Earlier this year, at the top of Runkeeper’s HTML (actually, after 50 blank lines, for some reason), I found this cute message:
<!doctype html>
<!---
,------. ,--. ,--.,--. ,--.,--. ,--.,------.,------.,------. ,------.,------.

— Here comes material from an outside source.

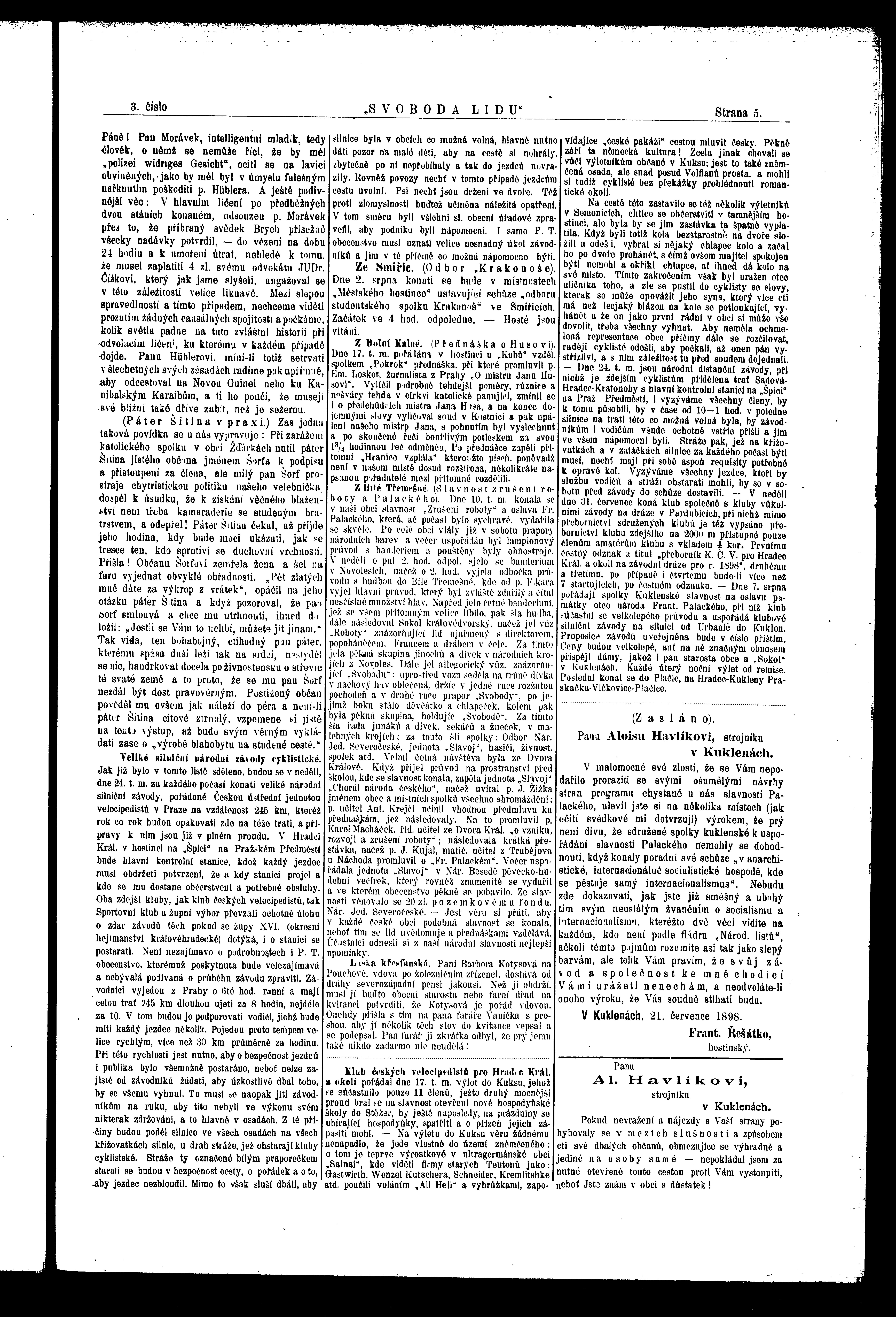 * Datum vydání výtisku: 23.7.1898 Číslo výtisku: 3 Poznámky k výtisku: ranní vydání

| .--. '| | | || ,'.| || .' /| .---'| .---'| .--. '| .---'| .--. '
| '--'.'| | | || |' ' || . ' | `--, | `--, | '--' || `--, | '--'.'
| |\ \ ' '-' '| | ` || |\ \| `---.| `---.| | --' | `---.| |\ \
`--' '--' `-----' `--' `--'`--' '--'`------'`------'`--' `------'`--' '--'
,--. ,---. ,--. ,--.,--.,------. ,--.,--. ,--. ,----.
| |' .-' | '--' || || .--. '| || ,'.| |' .-./
| |`. `-. | .--. || || '--'.'| || |' ' || | .---.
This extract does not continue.